Exercise: The lines below, from the one holding "Notice de pose |" through the one holding "5年生は避難訓練の後、消火器", are to be restated word for word, with all images left out.

Data under study:

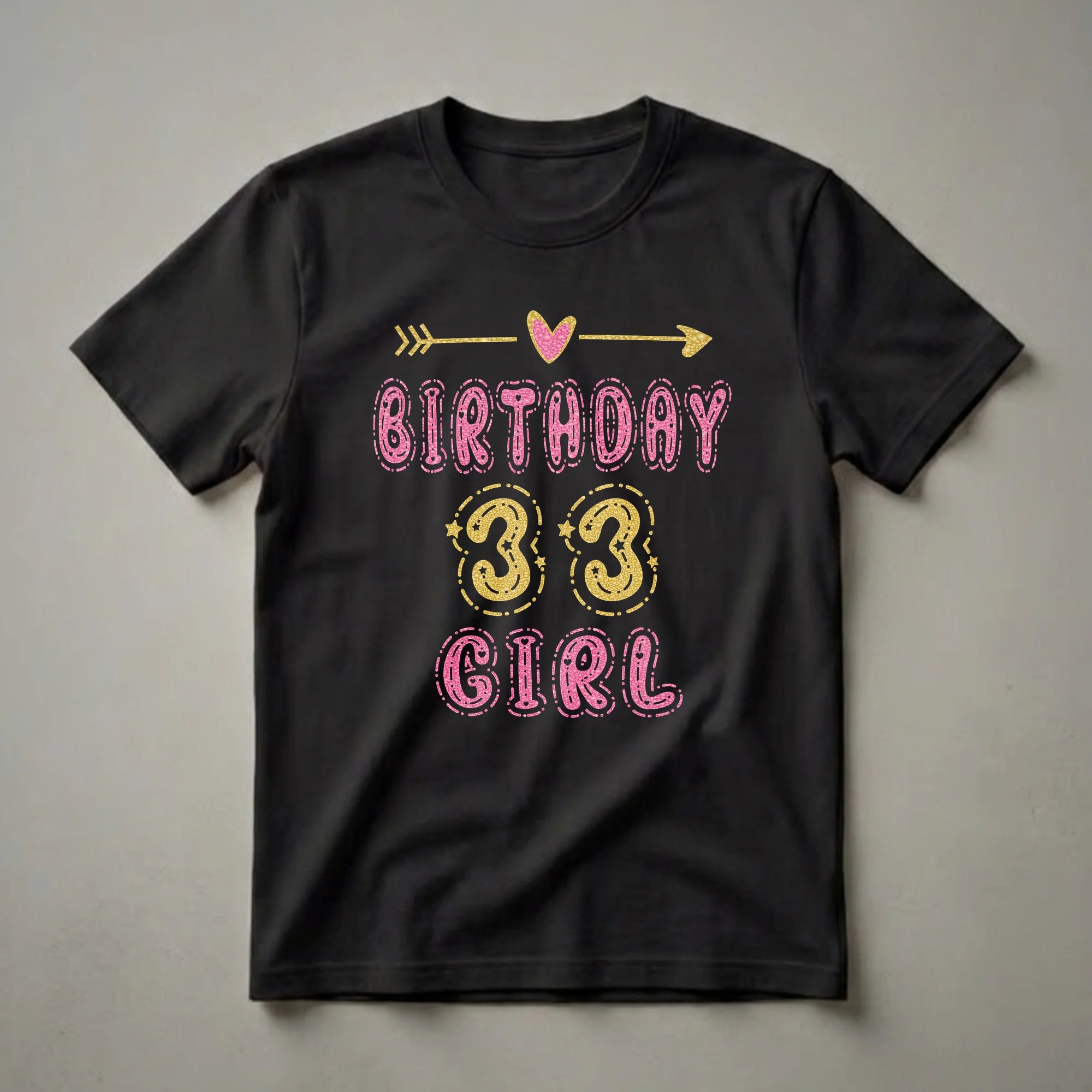 Turning 33 marks a significant milestone, and this 'Birthday Girl' tee is a vibrant way to celebrate. The design features the words "BIRTHDAY" and "GIRL" in a bubbly, pink font with a glitter effect, accented by small hearts and dots. Below, the number "33" is prominently displayed in a bold, gold glitter font, surrounded by stars and decorative swirls. This shirt is a fantastic choice for any woman hitting this age, whether it's for a birthday party, a casual get-together, or just to wear her birthday pride. It makes a thoughtful gift for a daughter, sister, or friend who is turning 33. Imagine her excitement unwrapping this fun and festive t-shirt, ready to make her birthday celebration sparkle. This graphic tee is a go-to for birthday brunches or evening festivities, ensuring she feels special on her big day. It's a wearable piece of birthday cheer that she'll reach for year after year when reminiscing about her 33rd.
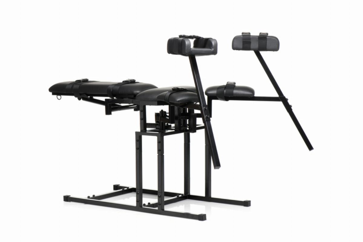 Entworfen, um bis zu 150 kg Gewicht zu tragen, verfügt dieser Stuhl über verstellbare Teile für deine Beine, mit denen du die Höhe und Breite anpassen kannst, sowie eine Rückenlehne, die deinen Partner vom Sitzen in die horizontale Liegeposition bringen kann.
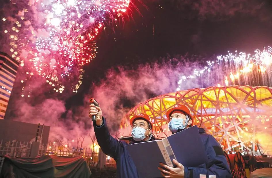 北京冬奧會(huì)閉幕式期間,國網(wǎng)北京電力冬奧保障人員在國家體育場附近巡檢供電設(shè)備。翟磊 攝
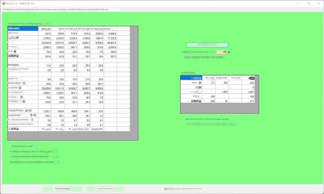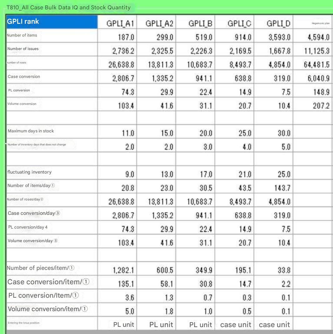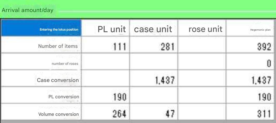 The daily volume of goods received was 190 pallets (PL) of 111 items, and 1,437 cases of 281 items. A total of 392 items (190 PL + 1,437 cases) arrived. The volume at that time was 311 m3. Note: This calculation is a simple calculation of the PL conversion of shipping data. The number of loads per PL must be taken into consideration. |
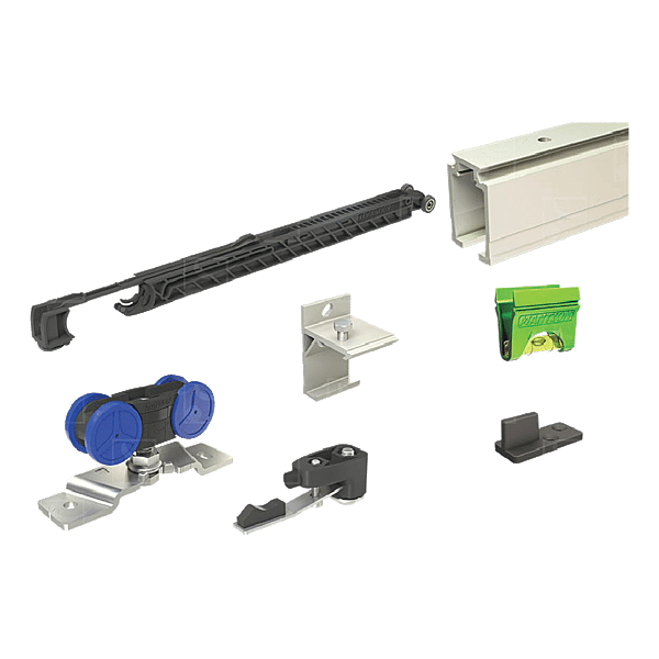 | Composition | - 1 rail 13312/300 - 7 équerres fixation murale 13013 - 2 montures 13232 - 1 butées 11213 - 1 ferme porte M68S - 2 platines fixation sur chant 13036 - 1 guide 1103R - 1 Buly - vis de pose - Notice de pose |
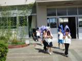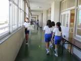 5年生は避難訓練の後、消火器訓練を行いました。水消火器を使って、消火器の使い方...
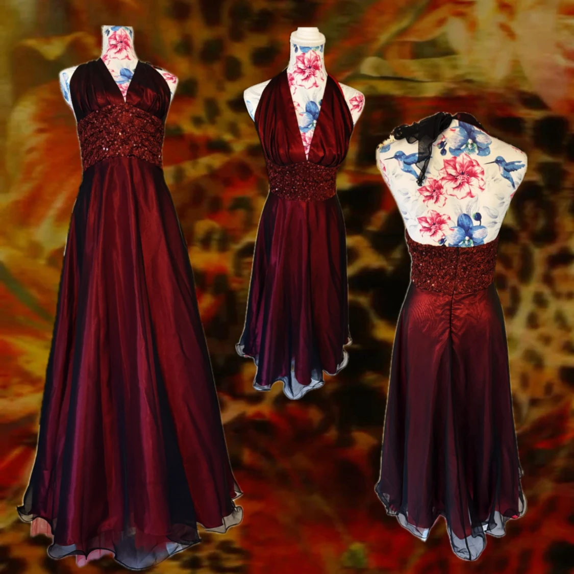 Säljer en vinröd långklänning med halterneck och djup v-ringning. Midjan är dekorerad med glittriga paljetter och tyget är lätt och svepande. Klänningen har öppen rygg med knyt i nacken och ett elegant fall. Perfekt för dig som vill sticka ut på bal eller fest! Passar en storlek 40!

Answer to the exercise:
 | Composition | - 1 rail 13312/300 - 7 équerres fixation murale 13013 - 2 montures 13232 - 1 butées 11213 - 1 ferme porte M68S - 2 platines fixation sur chant 13036 - 1 guide 1103R - 1 Buly - vis de pose - Notice de pose |
 5年生は避難訓練の後、消火器訓練を行いました。水消火器を使って、消火器の使い方...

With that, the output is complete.